Recorded information =
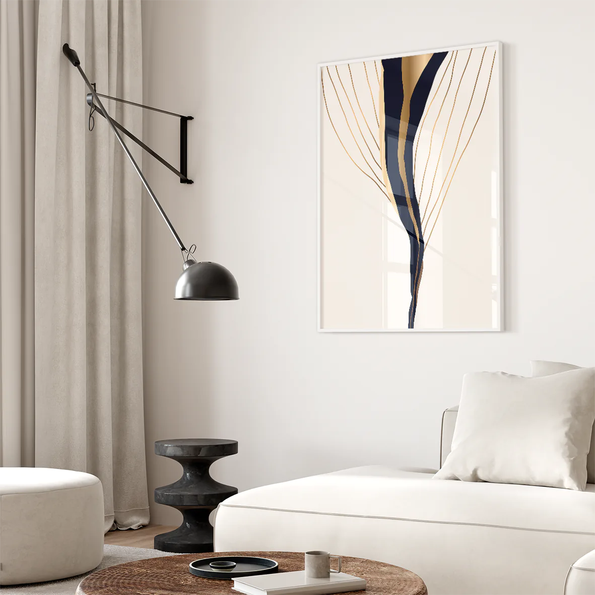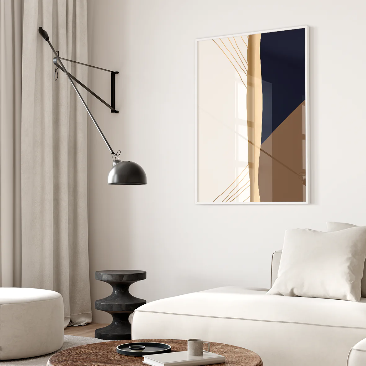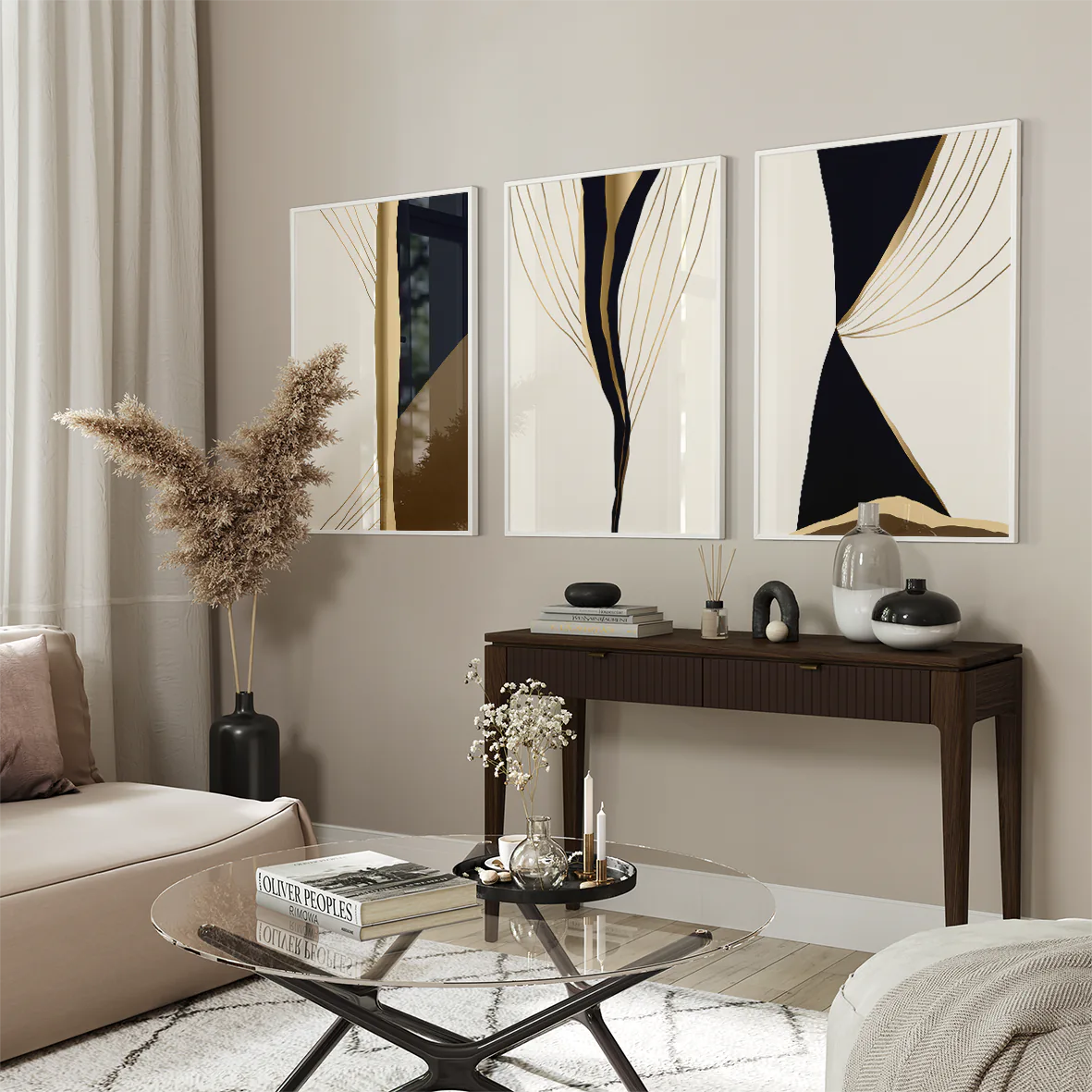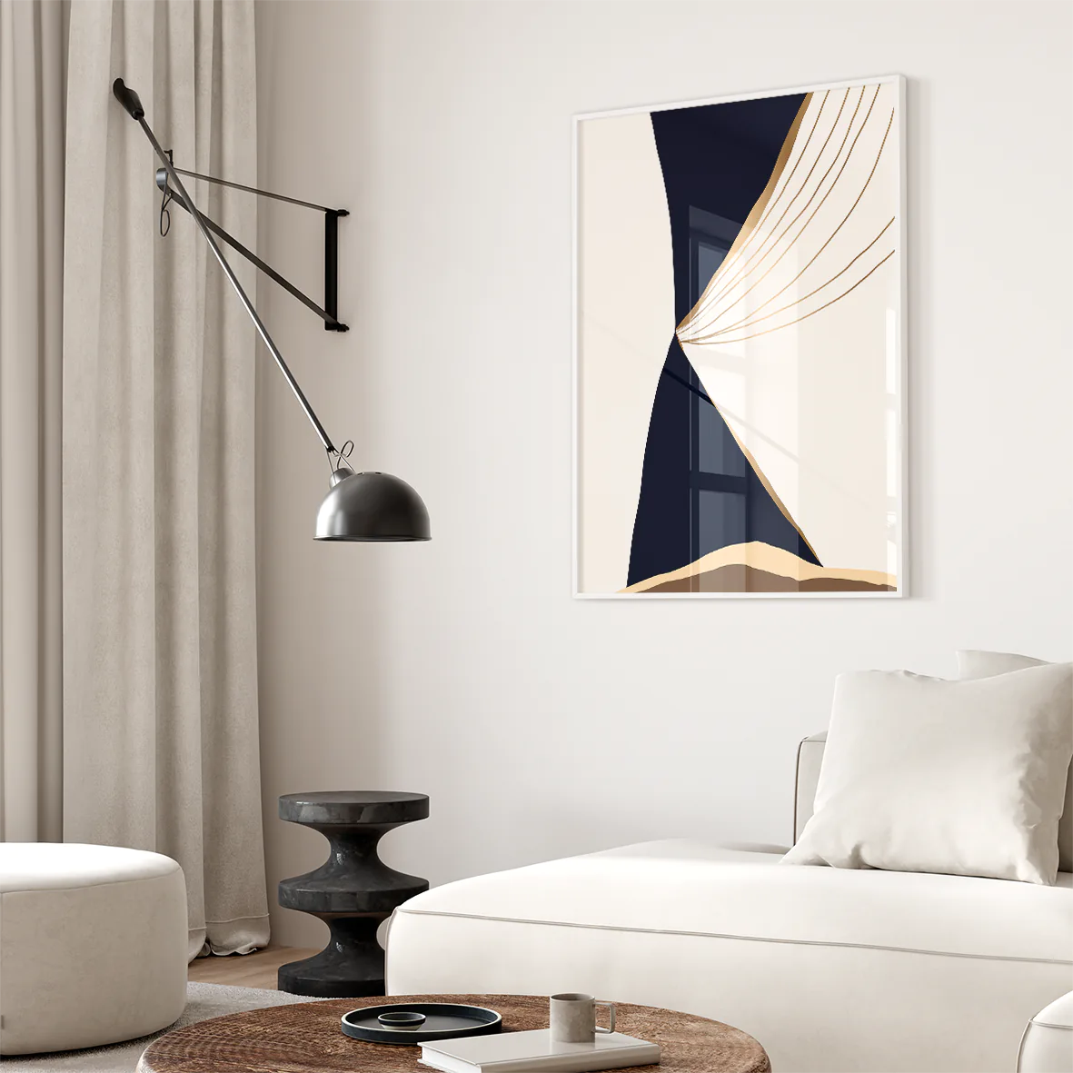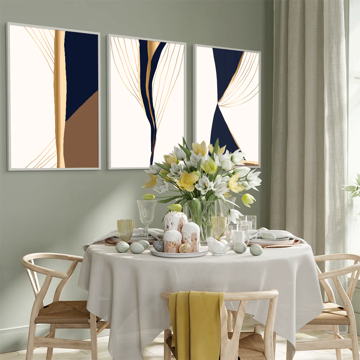 深いネイビーブルーとゴールド、クリームベージュが織りなす洗練された抽象アートポスター。流れるようなフォルムと上品なカラーバランスが、空間にラグジュアリーな北欧コンテンポラリーの雰囲気をもたらします。リビング・書斎・寝室など様々なシーンで、アートギャラリーのような高級感あふれるアクセントとして活躍。新築祝いや引越し祝いなどの特別なギフトにも最適です。高級モダンインテリアを好む方におすすめの、エレガントな3枚セットです。
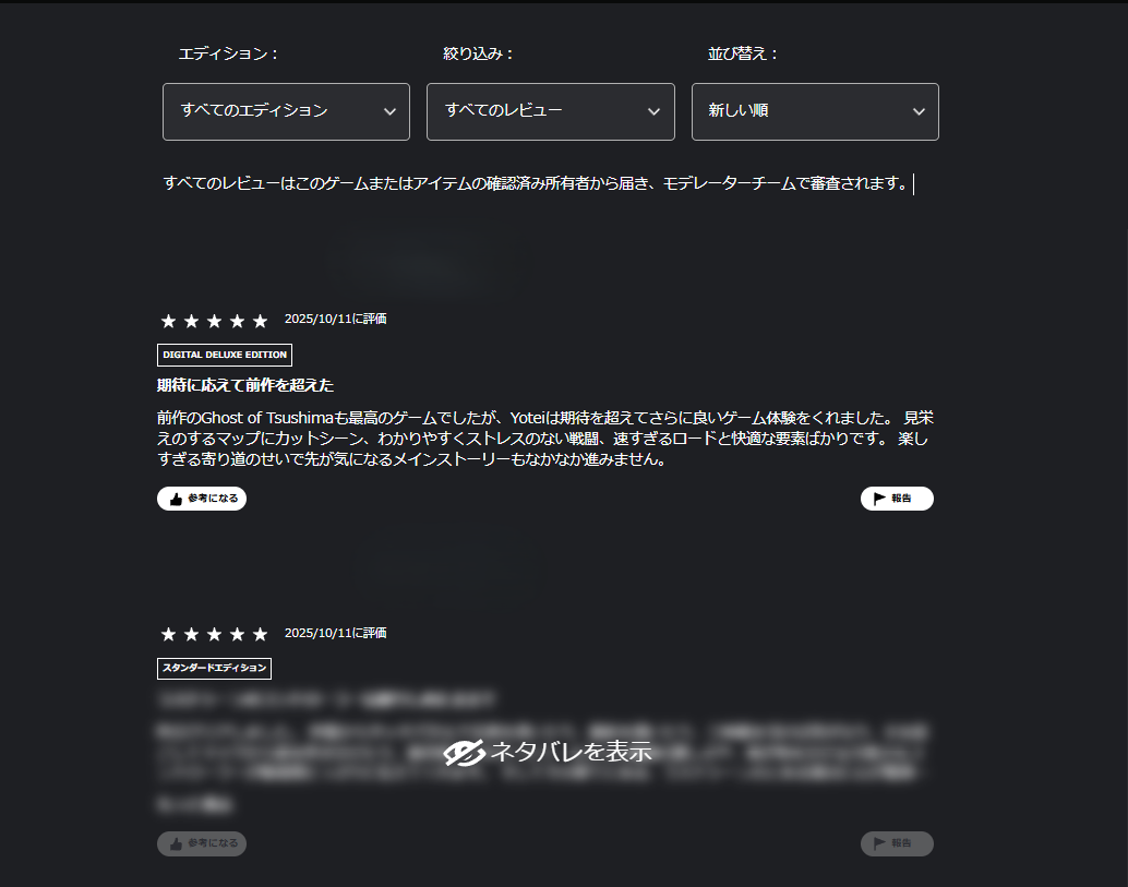 ※『Ghost of Yotei』レビュー (日本語 10/12 1:00 時点) ニックネームやアイコンは念のため消しています。
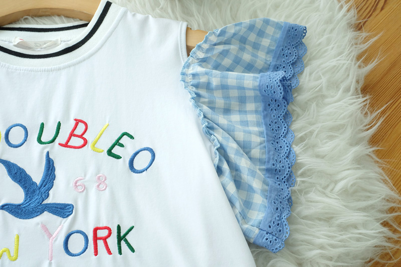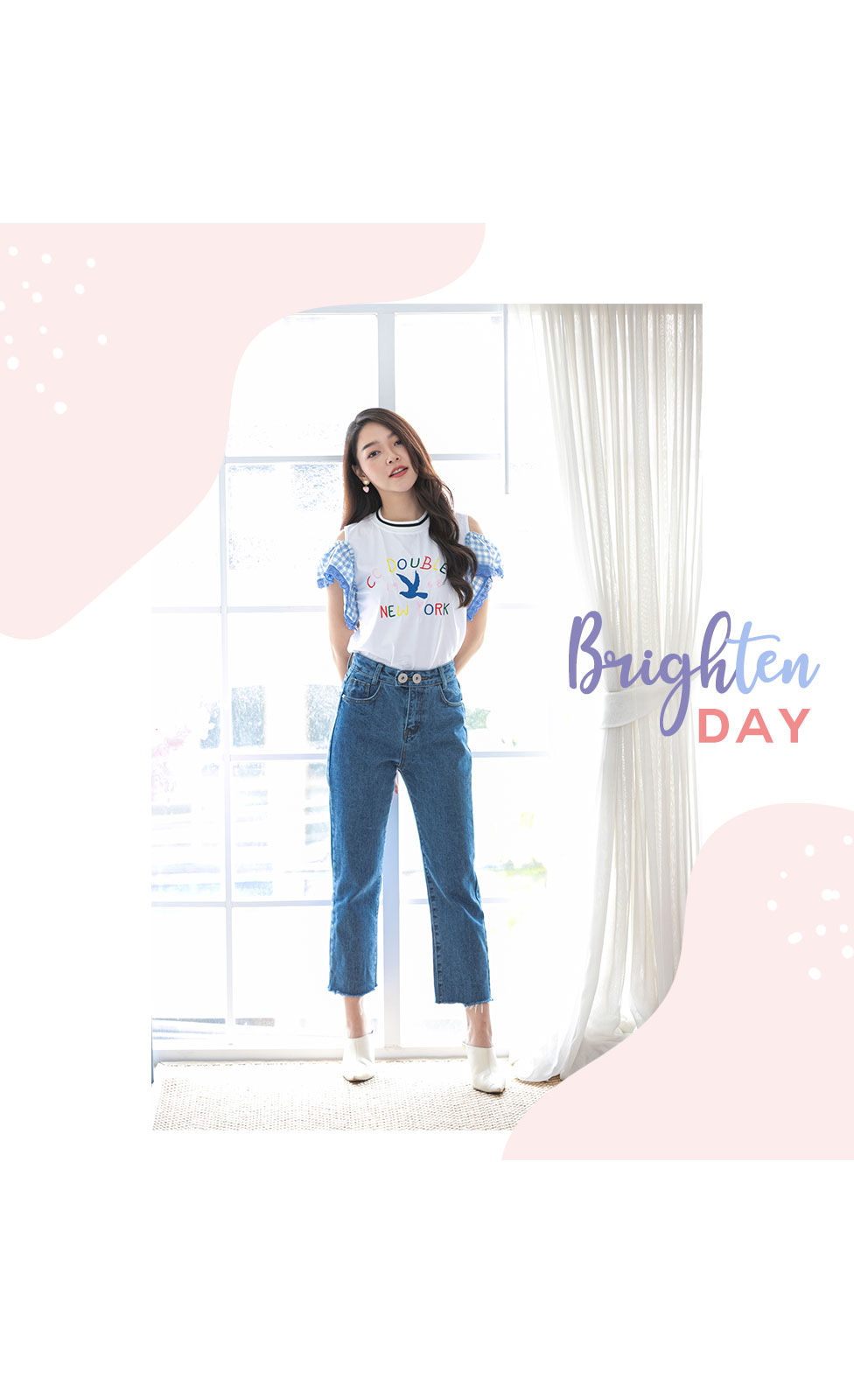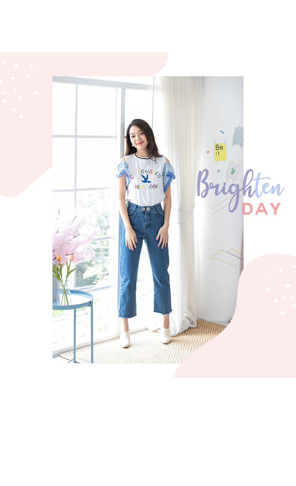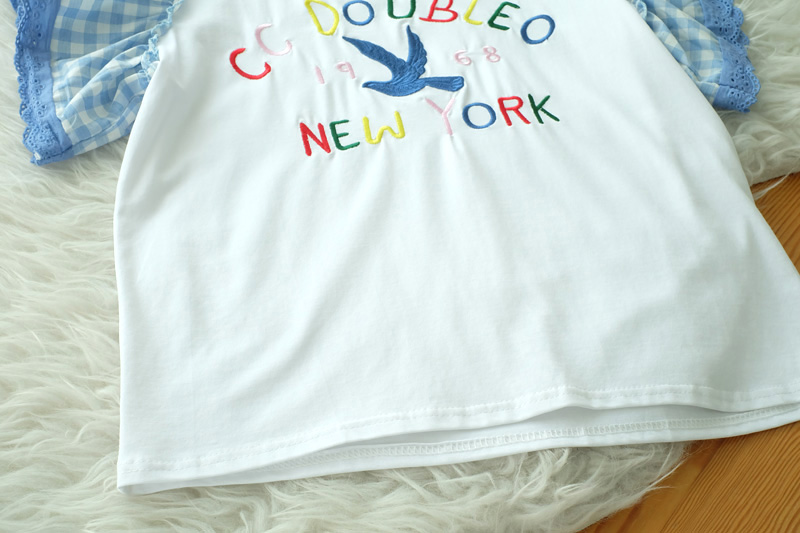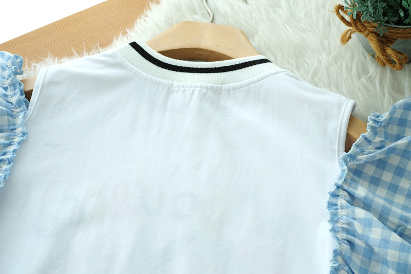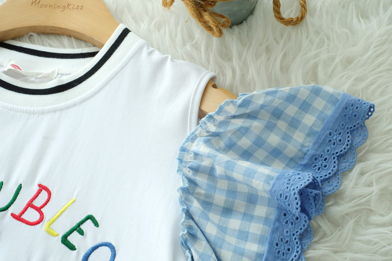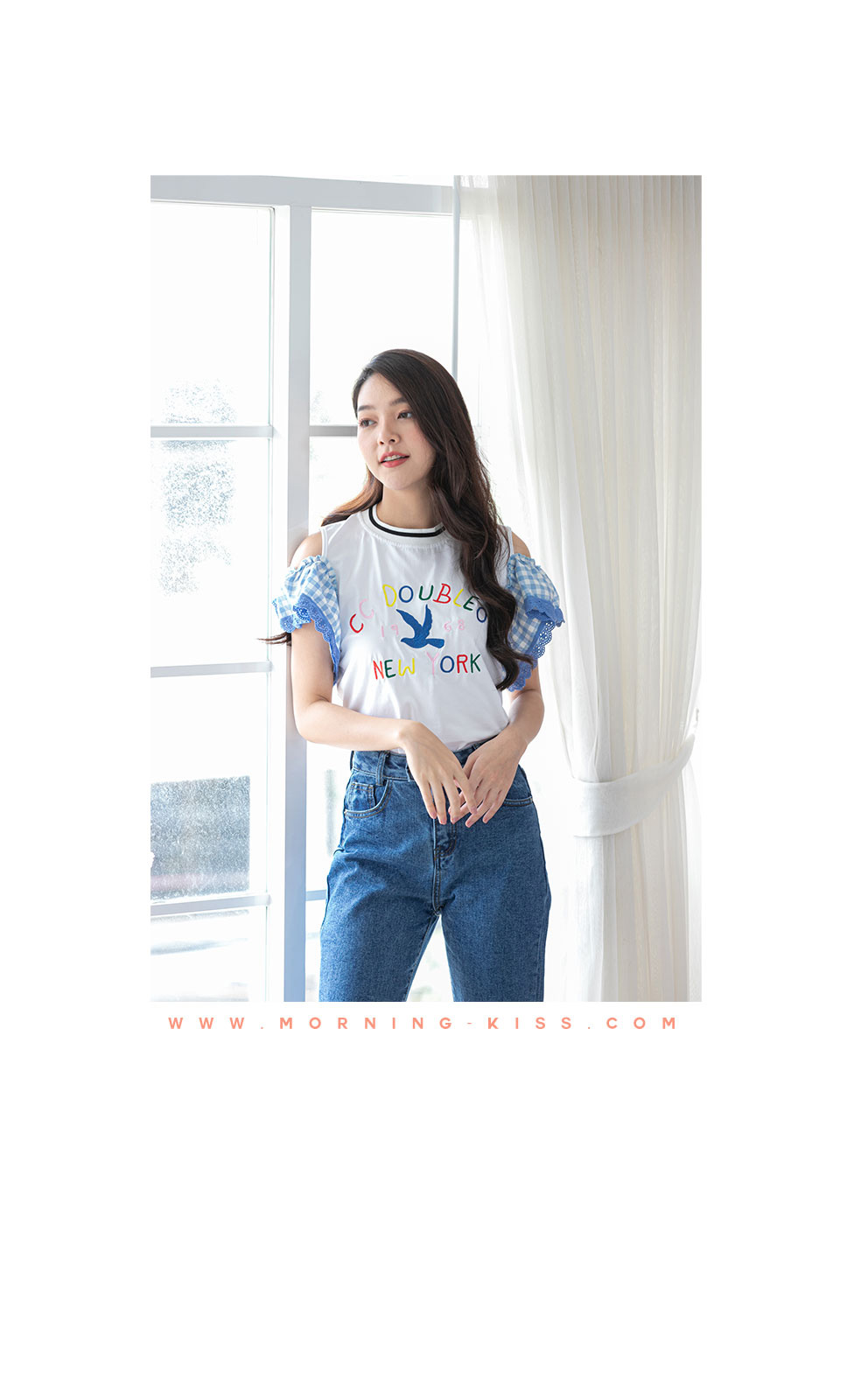 น่ารักใสๆ สไตล์หวานๆกับเสื้อเว้าไหล่แต่งระบายที่แขนด้ายผ้าลายสก็อตโทนสีฟ้า ด้านหน้าปักอักษร สีสดใส เสื้อสไตสเท่ๆปนหวานๆ เนื้อผ้า Cotton เนื้อนิ่ม ยืดได้เยอะ ใส่สบายเหมาะกับหน้าร้อน แมทกับกางเกงยีนส์สวยเท่สุดๆ

Work order =
Return the material above in exact form. Pictures stay out.

The completed task =
 深いネイビーブルーとゴールド、クリームベージュが織りなす洗練された抽象アートポスター。流れるようなフォルムと上品なカラーバランスが、空間にラグジュアリーな北欧コンテンポラリーの雰囲気をもたらします。リビング・書斎・寝室など様々なシーンで、アートギャラリーのような高級感あふれるアクセントとして活躍。新築祝いや引越し祝いなどの特別なギフトにも最適です。高級モダンインテリアを好む方におすすめの、エレガントな3枚セットです。
 ※『Ghost of Yotei』レビュー (日本語 10/12 1:00 時点) ニックネームやアイコンは念のため消しています。
 น่ารักใสๆ สไตล์หวานๆกับเสื้อเว้าไหล่แต่งระบายที่แขนด้ายผ้าลายสก็อตโทนสีฟ้า ด้านหน้าปักอักษร สีสดใส เสื้อสไตสเท่ๆปนหวานๆ เนื้อผ้า Cotton เนื้อนิ่ม ยืดได้เยอะ ใส่สบายเหมาะกับหน้าร้อน แมทกับกางเกงยีนส์สวยเท่สุดๆ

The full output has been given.